それは、オーヴェロンと共に爆発して、消滅したはずの、ナナであった。


「私を復活させたのは、だれ?」


すると、ゆっくりと起き上がったナナ。


「ナナ、私は、クラリスよ。あなたには、頼みたいことがあって、復活してもらったのよ。」


それは、ナリント国に、ジェラスが元になり、それまでありえなかったジェラシーが広まりだした頃のことになる。


 それは、もはや、ナリント国だけのことではなく、世界的にも広まりだして、普通レベルの容姿の女性というよりは、美人の女性ほど、自分を超えそうに美しい女性に対して、嫉妬の気持ちが湧き上がりだしていた。


 そして、女性同士のいがみ合いや、知人の男性に依頼して、相手の女性を傷つけるようなことなども起こり始めていた。


 それというのも、まだジェラシーという言葉が存在しない時であったので、人々は、この気持ちに戸惑い、自分を責める気持ちから、他を傷つけることで、自己逃避をするしか、自分の気持ちを抑えるすべが見つけられなかったのである。


 その後、「Q」が、ジェラシーという言葉を生み出して、広めていってから、人々の気持ちは、多少落ち着いてきたようであった。だが、その頃、これまで、国同士の交流がほとんどない時代が、少しずつ、船舶や、他の交通機関の発達により、国同士の行き来が、以前より頻繁に行われるようになってきた。


 国民の女性たちの美人度が世界的にトップクラスであるとはいっても、それまで、国同士の交流があまりないのと、そもそもナリント国は、国内においても、あまり他との交流が熱心ではなく、その国民性が、人見知りであることが特徴的であったせいで、他国のことをよく知らなかったし、知ろうとも思わなかったのであった。


 そして、ナリント国から、他国へ出向くことは、全くと言っていいほどないのであった。


 だが、その頃、たまたま国の代表となったプリンセスが、このままではいけないと、外交に力を入れようと改革を起こしたのであった。

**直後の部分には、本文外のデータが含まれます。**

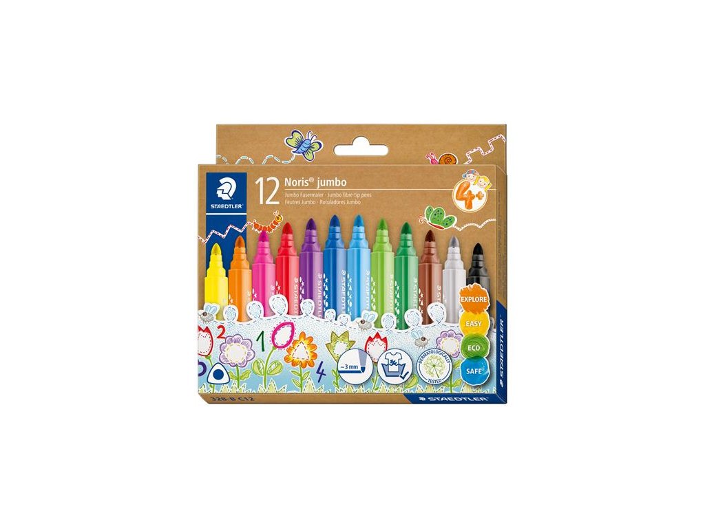 produktová rodina Noris jumbo je výborná voľba pre malé deti bezpečné, ekologické ideálne na vyfarbenie veľkých plôch atrament na báze vody s potravinárskymi farbami uzáver s ventilom PP telo pera z väčšiny textílií vyprateľné hrúbka písma: 3 mm žívé farby hnedé kartónové balenie pre ekologické myslenie odporúčaný vek: od 4 rokov Značka: STAEDTLER Výrobca: STAEDTLER SE Adresa: Moosäckerstr. 3 , 90427 Nuremberg, Germany Web: http://www.staedtler.com Email: https://www.staedtler.com/intl/en/service/contact/Dodatočné parametre
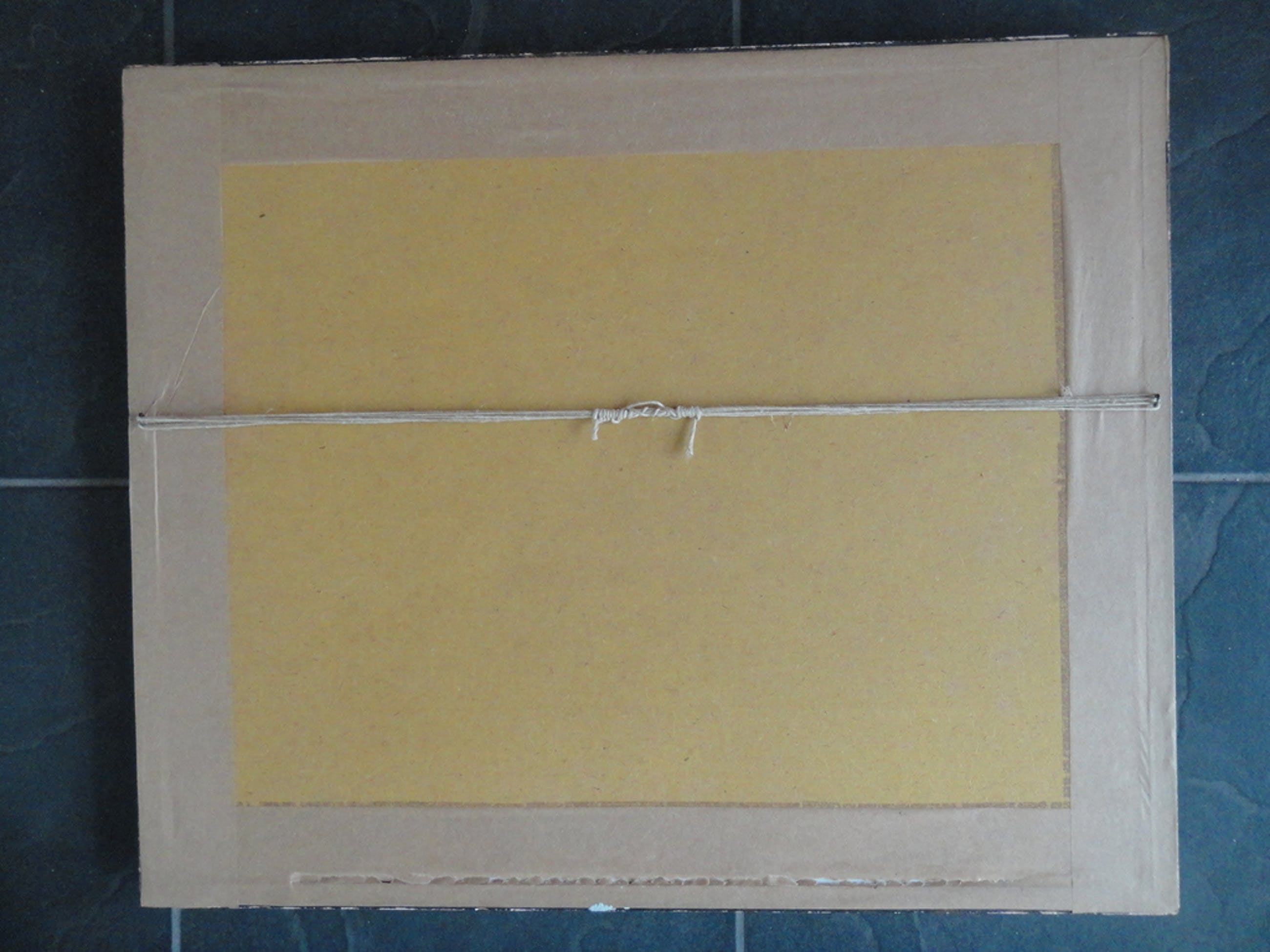 Aquarel achter passe-partout in oude lijst: 43 bij 52 cm.

 その初めての役職についた女性、アマネスクは、同じ役職であるエメリダとともに、メタンブルグ国を訪れていた。


 当時は、船によって、丸1日かけて、数人のスタッフを連れて、メタンブルグ国を訪れて、新たに交流を持ちたいということと、さらに祖国の鉱石を売り込みたい目的もあって、2人して、慣れないアピールをしようと決意していた。

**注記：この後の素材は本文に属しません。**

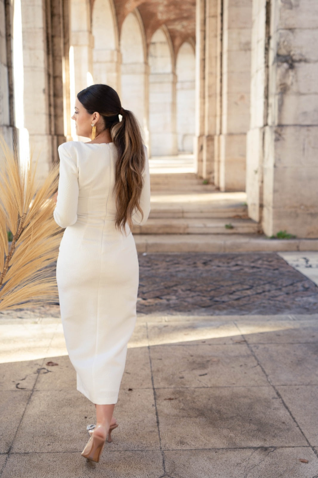 Midi dress with a V-neckline and small slit on one side, three-quarter sleeves, and a side slit in the front. White with a silver lurex pattern and detailing.
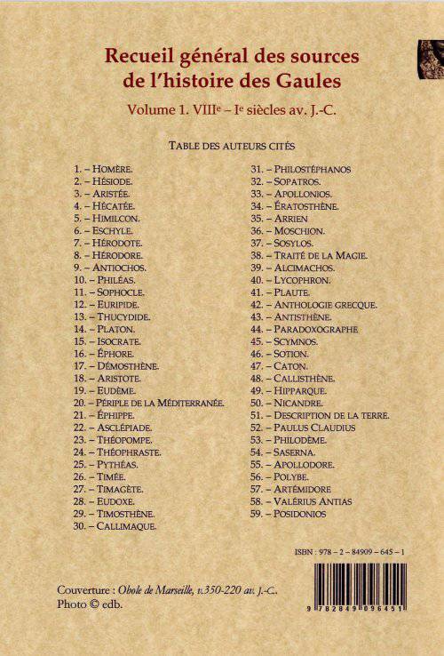 L'histoire de la Gaule à travers ses sources, reprenant des extraits de 59 auteurs grecs ou latins.
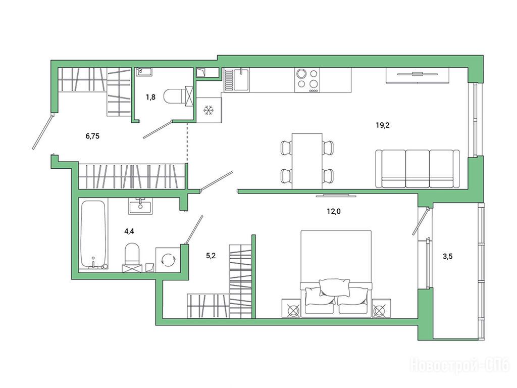 Мы искали двушку, понравилось, что в Ойкумене полноценные изолированные двушки и кухня при этом нормального размера. Расположение с/у также радует. В цену входит отделка, так что цена очень выгодна. Ну и понравились зеленые виды из окна.
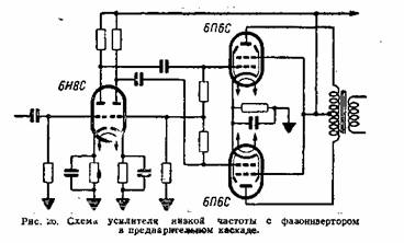 Тембр воспроизводимой звуковой программы регулируют при помощи переменного сопротивления Rт, включенного последовательно с конденсаторам Cт в цепь анода оконечной лампы (рис. 25). При уменьшении сопротивления Rт цепь RтCт будет представлять большое сопротивление для низших звуковых частот и малое — для высших. Выходной трансформатор окажется сильно шунтированным для высших частот, что вызовет ослабление в области высших частот, и они будут воспроизводиться с меньшей громкостью. Изменяя величину сопротивления Rт, можно регулировать тембр воспроизведения. Ограничение частотной характеристики приемника со стороны высших частот несколько уменьшает помехи при приеме, а также ослабляет шипение при проигрывании граммофонных пластинок. Аналогичным же образом может быть осуществлена регулировка тембра и в цепи управляющей сетки лампы. В этом случае цепь Rт Cт шунтирует анодную нагрузку предыдущей лампы. В оконечном каскаде используют главным образом лучевые тетроды типа 6П6С, 6ПЗС, 6П1П или 6П14П. В более старых моделях приемников в этом каскаде встречаются пентоды 6Ф6С. В оконечном каскаде высококачественных приемников для повышения отдаваемой полезной мощности нередко применяют двухтактные схемы, которые, кроме того, позволяют уменьшать искажения на выходе, так как при правильно выбранном режиме работы ламп в двухтактной схеме четные гармоники, составляющие обычно значительную часть общих искажений усилителя, исключаются. При двухтактной схеме оконечного каскада предварительный усилитель должен создавать поворот фазы напряжения на управляющей сетке одной из ламп по отношению к напряжению на сетке другой его лампы на 180°. Наиболее широкое применение в приемниках находят для этой цели схемы с двойными триодами (6Н7С, 6Н8С, 6Н9С, 6Н1П, 6Н2П), где один из триодов используется в качестве обычного усилителя на сопротивлениях, а другой — в качестве фазоинвертора. Напряжение низкой частоты на управляющую сетку одной из оконечных ламп подается с анодной нагрузки первого триода. Часть этого же напряжения поступает на сетку второго триода, и в его анодной цепи получается усиленное напряжение, сдвинутое по фазе на 180° по отношению к напряжению на сетке. Это усиленное напряжение подается на управляющую сетку другой лампы оконечного каскада. Одна из схем такого рода (так называемая самобалансирующаяся фазоинверсная схема) приведена на рис. 26.
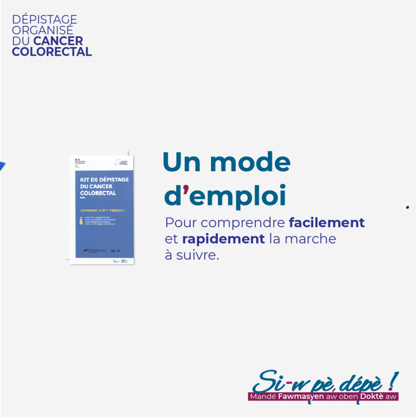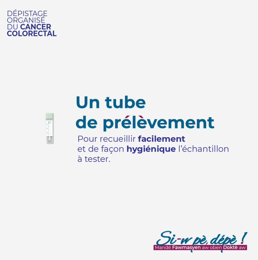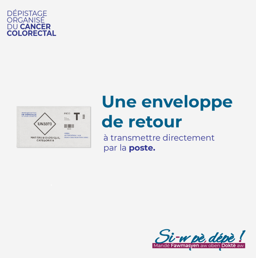Le test de dépistage du cancer colorectal est à faire chez vous : il est fiable, simple, rapide et fourni avec un mode d'emploi. Une fois le test réalisé, il suffit de l'envoyer dans l'enveloppe T fournie dans le kit par la poste sous 24h en privilégiant les débuts de semaine et à éviter les veilles de week-end ou de jour férié.
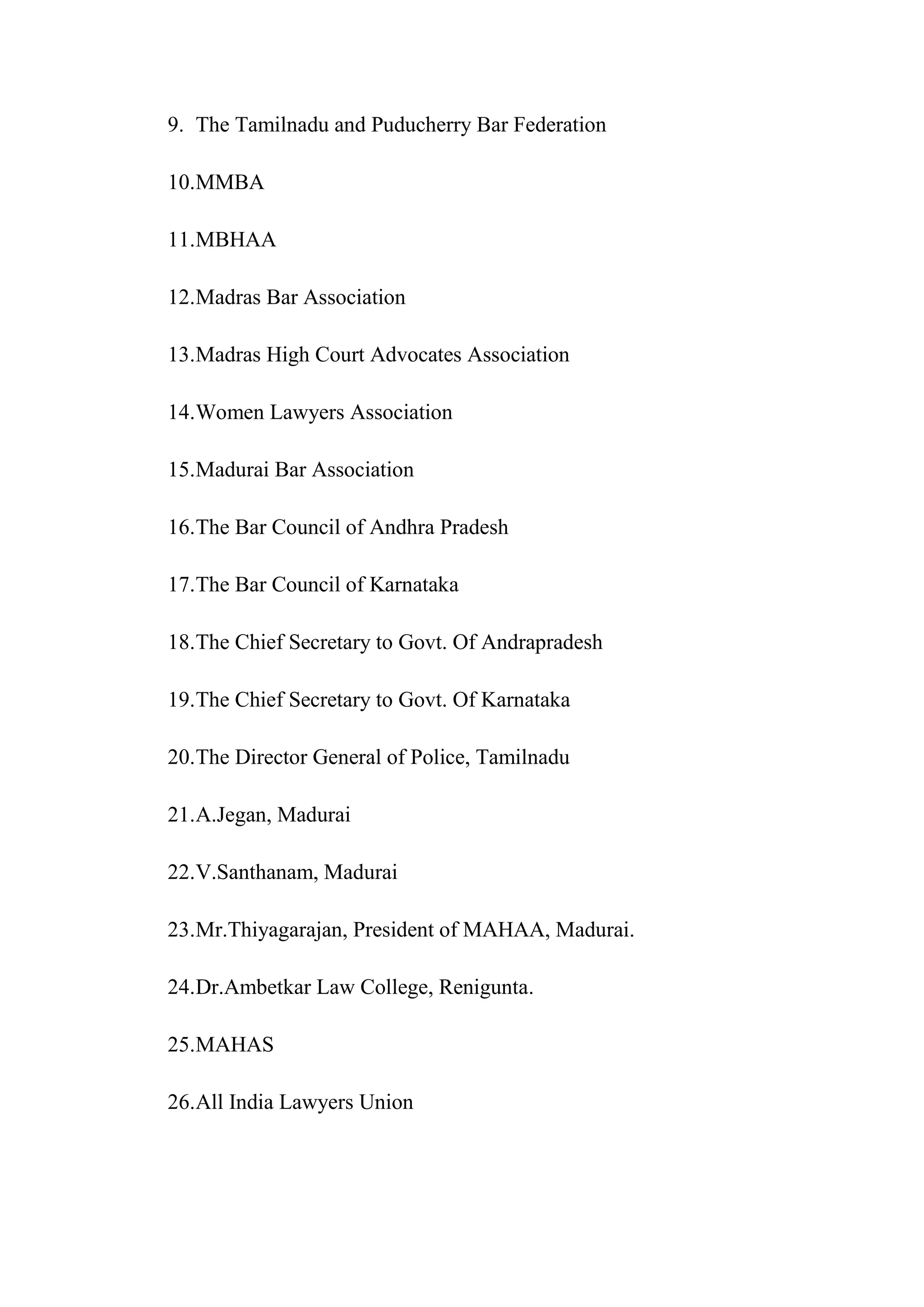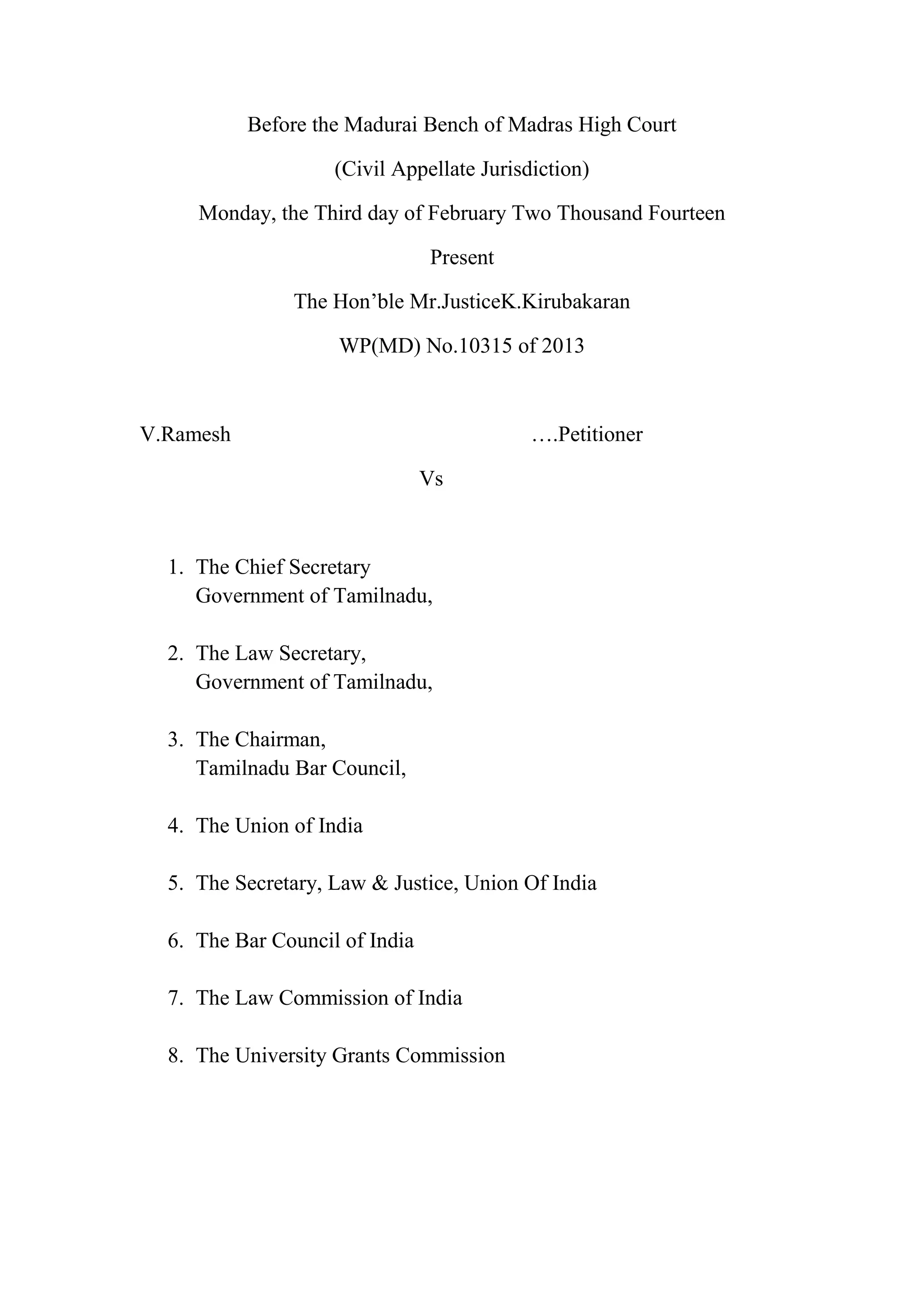 This document is an order from the Madras High Court regarding a petition filed about guidelines for enrolling law graduates from other states to the Bar Council of Tamil Nadu. The order notes examples provided of candidates enrolled despite criminal cases, misrepresentations, or violating age limit rules for law college admission. It directs the Bar Council of Tamil Nadu to investigate such violations in other enrollments, suspend candidates if needed, and remove them after inquiry if warranted based on the powers granted to Bar Councils in the Advocates Act and Legal Education Rules.

 すると、メタンブルグ国の担当大臣の男性は、2人を、とても手厚く応対してくれて、とにかく2人を、暖かく迎入れてくれた。初めての訪問であるのと、おまけに、他国に訪問するなんて、その中では、初めてが多すぎて、2人は、緊張が限界まできていた。


 しかし、本当に、丁寧な対応や、遠方からの訪問に、特別なホテルの手配や、夕食会などのおもてなしやらで、本当に感謝しきれない訪問の末、2人は、帰国した。

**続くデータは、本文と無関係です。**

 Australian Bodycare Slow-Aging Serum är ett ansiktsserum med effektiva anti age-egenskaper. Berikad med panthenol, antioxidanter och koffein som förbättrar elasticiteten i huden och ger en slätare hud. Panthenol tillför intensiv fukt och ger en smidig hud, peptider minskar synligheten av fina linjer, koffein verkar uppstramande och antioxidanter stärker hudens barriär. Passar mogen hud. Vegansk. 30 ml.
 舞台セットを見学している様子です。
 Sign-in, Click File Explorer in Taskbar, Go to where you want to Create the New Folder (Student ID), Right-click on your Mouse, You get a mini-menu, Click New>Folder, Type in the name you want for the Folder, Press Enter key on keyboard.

 すると、帰国後、すぐにプリンセスから、報告を聞きたいという。


「どうでしたか。初めてのメタンブルグ国への訪問は。報告を聞かせてください。」


「プリンセス、うちの国は、他国へ訪問なんて、これまで一度もなかったので、まさに見るもの聞くもの、すべてが新鮮で、これまで、私たちが如何に、無知であったのかが思い知らされた気持ちです。」


 その言葉がきっかけとなって、プリンセスをはじめとして、国全体が動きだした。その後、国の中でも、特に社交的で、明るい性格の役人たちを選出し、多くの国と積極的に交流を持つようになってきた。


 ところが、その多くの国と交流を持つことによって、ナリント国の人々は、思わぬことを知ることとなった。


 それは、ナリント国の女性が、世界的にも、その美貌のレベルが、他国とはかけ離れて高いことが、現実の社会で実感できたことだった。


 得てして、男性とは、女性には優しいものだが、それが美人となれば、また話しは違ってくる。ナリント国から訪れていた女性たちも、それを実感していたので、プリンセスに、そのように伝えた。


 ただ、自分の国においては、全くそのようなことは、考えられない。たとえば、海外から、超が付くほどの美人を連れてきても、ナリント国であれば、とても普通レベル以下か、もしくは、それ以下かもしれない。 


 プリンセスは、それを聞いて、考えを巡らしていた。